Now if L1 cache line size is 128,
the skb buffer is also aligned to 128, isn't it?
So this code doesn't make sense.
> > +
> > + paddr = ave_dma_map(ndev, &priv->rx.desc[entry], buffptr,
> > + AVE_MAX_ETHFRAME + NET_IP_ALIGN, DMA_FROM_DEVICE);
>
> This needs to be checked, as mentioned before, you can't just assume the
> linear virtual map is going to be satisfactory.
I see.
> > + priv->rx.desc[entry].skbs = skb;
> > +
> > + /* set buffer pointer */
> > + ave_wdesc_addr(ndev, AVE_DESCID_RX, entry, 4, paddr);
>
> OK, so 4 is an offset, can you add a define for that so it's clear it is
> not an address size instead?
Yes, 4 is an offset. I'll add the definition for '4'.
> > +
> > + /* set enable to cmdsts */
> > + ave_wdesc(ndev, AVE_DESCID_RX,
> > + entry, 0, AVE_STS_INTR | AVE_MAX_ETHFRAME);
> > +
> > + return ret;
> > +}
> > +
> > +/* Switch state of descriptor */
> > +static int ave_desc_switch(struct net_device *ndev, enum desc_state state)
> > +{
> > + int counter;
> > + u32 val;
> > +
> > + switch (state) {
> > + case AVE_DESC_START:
> > + ave_w32(ndev, AVE_DESCC, AVE_DESCC_TD | AVE_DESCC_RD0);
> > + break;
> > +
> > + case AVE_DESC_STOP:
> > + ave_w32(ndev, AVE_DESCC, 0);
> > + counter = 0;
> > + while (1) {
> > + usleep_range(100, 150);
> > + if (!ave_r32(ndev, AVE_DESCC))
> > + break;
> > +
> > + counter++;
> > + if (counter > 100) {
> > + netdev_err(ndev, "can't stop descriptor\n");
> > + return -EBUSY;
> > + }
> > + }
>
> Same here, pleas rewrite the loop so the exit condition is clear.
Ditto.
> > + break;
> > +
> > + case AVE_DESC_RX_SUSPEND:
> > + val = ave_r32(ndev, AVE_DESCC);
> > + val |= AVE_DESCC_RDSTP;
> > + val &= AVE_DESCC_CTRL_MASK;
>
> Should not this be a &= ~AVE_DESCC_CTRL_MASK? OK maybe not.

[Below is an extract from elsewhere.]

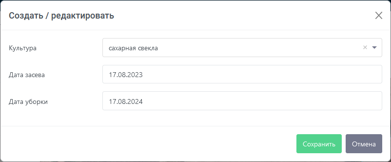 В качестве даты посадки автоматически указывается 1 января текущего года, даты уборки — 31 декабря текущего.
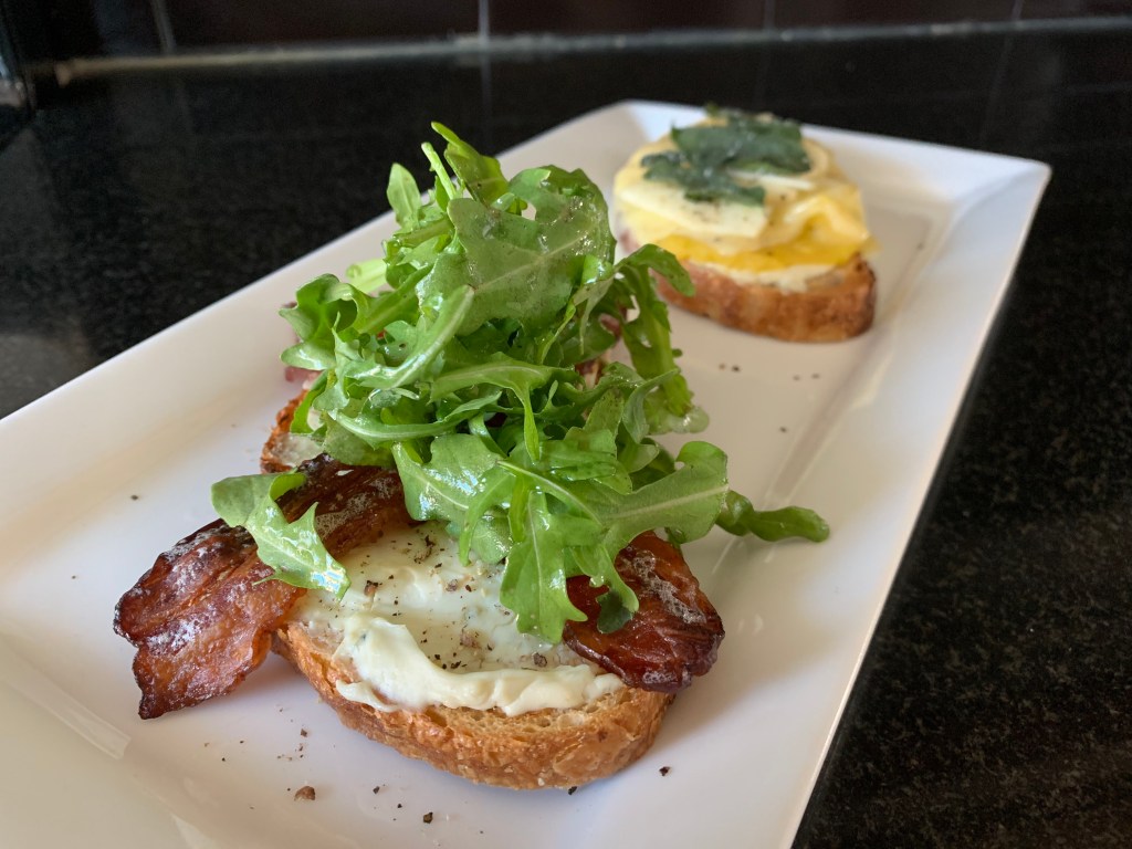 The bacon tartine is a study in contrasts. I’m actually not a fan of eating an arugula salad on its own, but it sings when paired with the bacon and blue cheese.

This may be confusing. I'll fix it.
> > + ave_w32(ndev, AVE_DESCC, val);
> > +
> > + counter = 0;
> > + while (1) {
> > + usleep_range(100, 150);
> > + val = ave_r32(ndev, AVE_DESCC);
> > + if (val & (AVE_DESCC_RDSTP << 16))
> > + break;
> > +
> > + counter++;
> > + if (counter > 1000) {
> > + netdev_err(ndev, "can't suspend descriptor\n");
> > + return -EBUSY;
> > + }
> > + }
> > + break;
>
> Same here, please rewrite with the counter as an exit condition.
Ditto.
> > +
> > + case AVE_DESC_RX_PERMIT:
> > + val = ave_r32(ndev, AVE_DESCC);
> > + val &= ~AVE_DESCC_RDSTP;
> > + val &= AVE_DESCC_CTRL_MASK;
> > + ave_w32(ndev, AVE_DESCC, val);
> > + break;
> > +
> > + default:
> > + return -EINVAL;
> > + }
> > +
> > + return 0;
> > +}
> > +
> > +static int ave_tx_completion(struct net_device *ndev)
> > +{
> > + struct ave_private *priv = netdev_priv(ndev);
> > + u32 proc_idx, done_idx, ndesc, val;
> > + int freebuf_flag = 0;
> > +
> > + proc_idx = priv->tx.proc_idx;
> > + done_idx = priv->tx.done_idx;
> > + ndesc = priv->tx.ndesc;
> > +
> > + /* free pre stored skb from done to proc */
> > + while (proc_idx != done_idx) {
> > + /* get cmdsts */
> > + val = ave_rdesc(ndev, AVE_DESCID_TX, done_idx, 0);
> > +
> > + /* do nothing if owner is HW */
> > + if (val & AVE_STS_OWN)
> > + break;
> > +
> > + /* check Tx status and updates statistics */
> > + if (val & AVE_STS_OK) {
> > + priv->stats.tx_bytes += val & AVE_STS_PKTLEN_TX;
>
> AVE_STS_PKTLEN_TX should be suffixed with _MASK to make it clear this is
> a bitmask.
I see. I'll rename it.
> > +
> > + /* success */
> > + if (val & AVE_STS_LAST)
> > + priv->stats.tx_packets++;
> > + } else {
> > + /* error */
> > + if (val & AVE_STS_LAST) {
> > + priv->stats.tx_errors++;
> > + if (val & (AVE_STS_OWC | AVE_STS_EC))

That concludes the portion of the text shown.